- Born: January 30, 1971 (age 55) Ottawa, Ontario, Canada
- Height: 5 ft 10 in (178 cm)
- Weight: 185 lb (84 kg; 13 st 3 lb)
- Position: Defence
- Shot: Left
- Played for: Tampa Bay Lightning
- NHL draft: Undrafted
- Playing career: 1992–1998

= Shawn Rivers =

Canadian ice hockey player

Shawn Hamilton Rivers (born January 30, 1971) is a Canadian former professional ice hockey defenceman.

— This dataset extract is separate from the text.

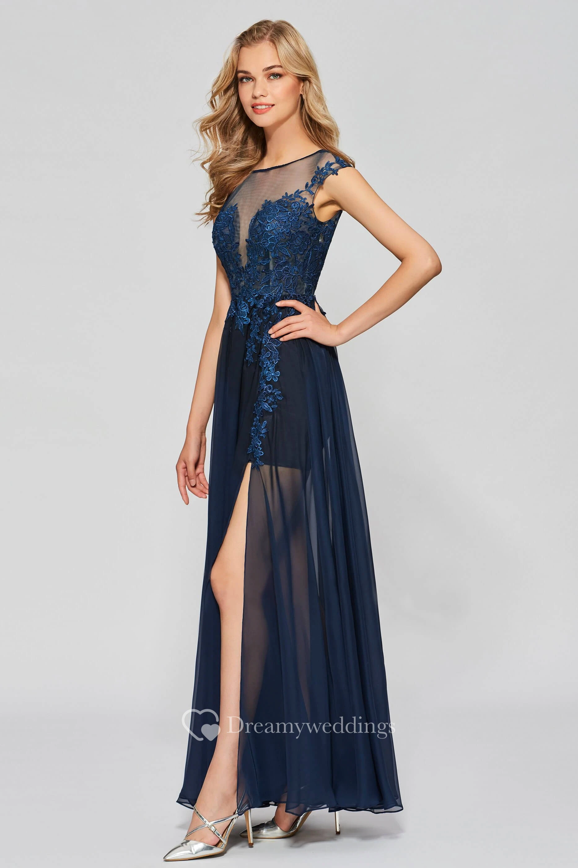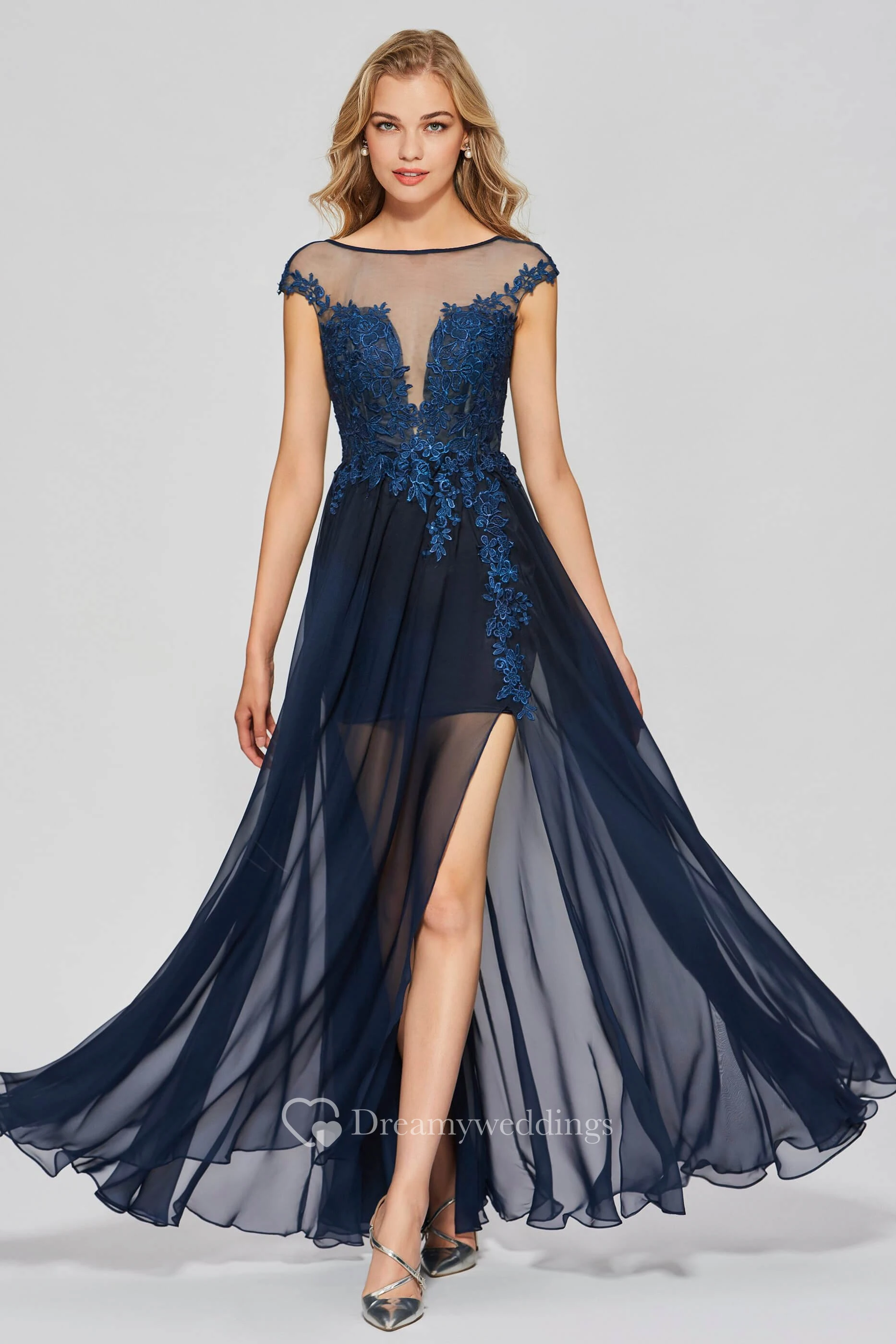 A-line Sexy Split Front Bateau Chiffon Gown With Lace Appliques And Deep V-back
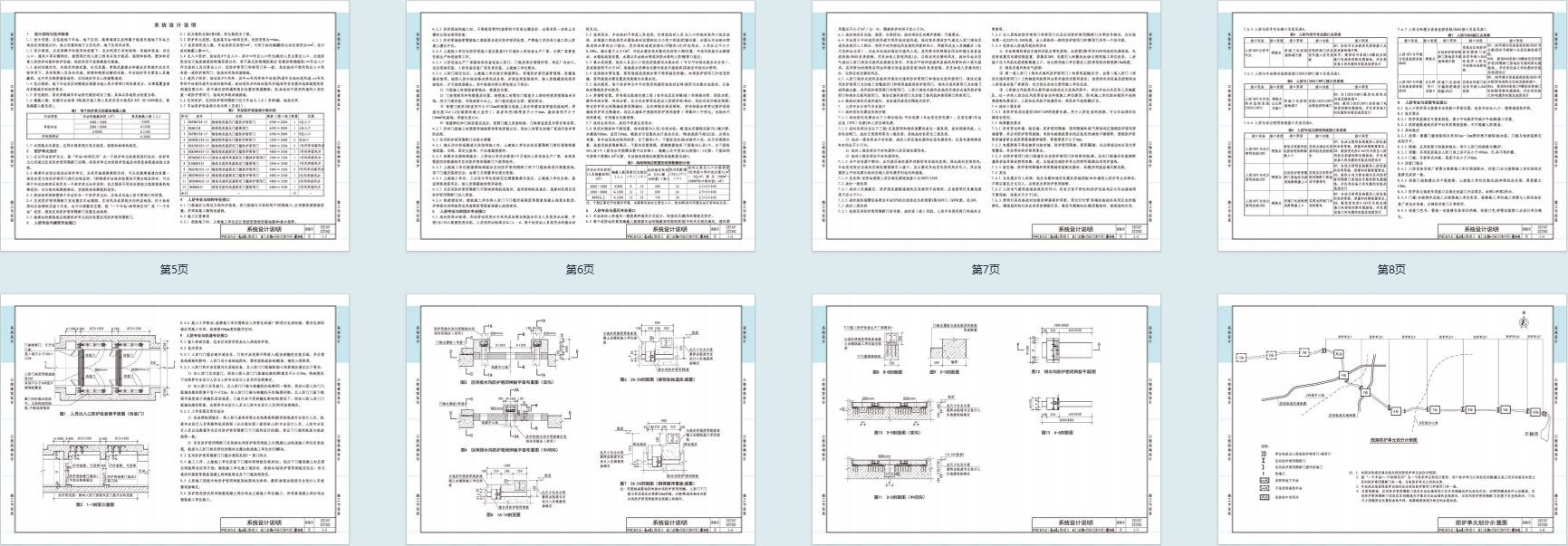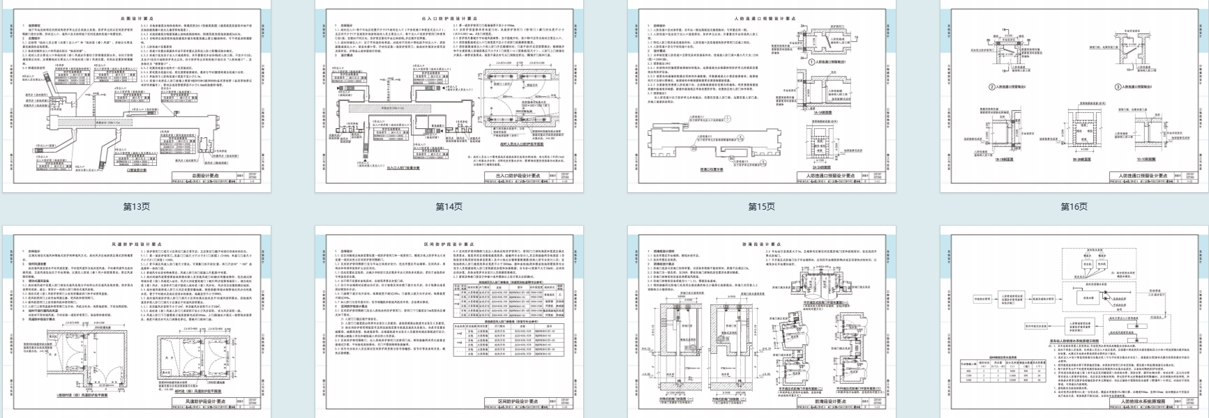 - 多专业设计要点:涵盖建筑(口部防护、伪装门设计)、结构(门框墙配筋、预埋件要求)、给排水(战时饮水 / 洗消储水、防爆地漏)、通风(清洁式 / 隔绝式通风)、电气(三级负荷供电、管线密闭敷设)等专业设计细则。

He played four games in the National Hockey League with the Tampa Bay Lightning during the 1992–93 season, scoring two assists. Prior to his professional career, he played for the St. Lawrence University Skating Saints, where he was named the ECAC All Rookie Team for the 1988–89 season. Shawn is the brother of Jamie Rivers.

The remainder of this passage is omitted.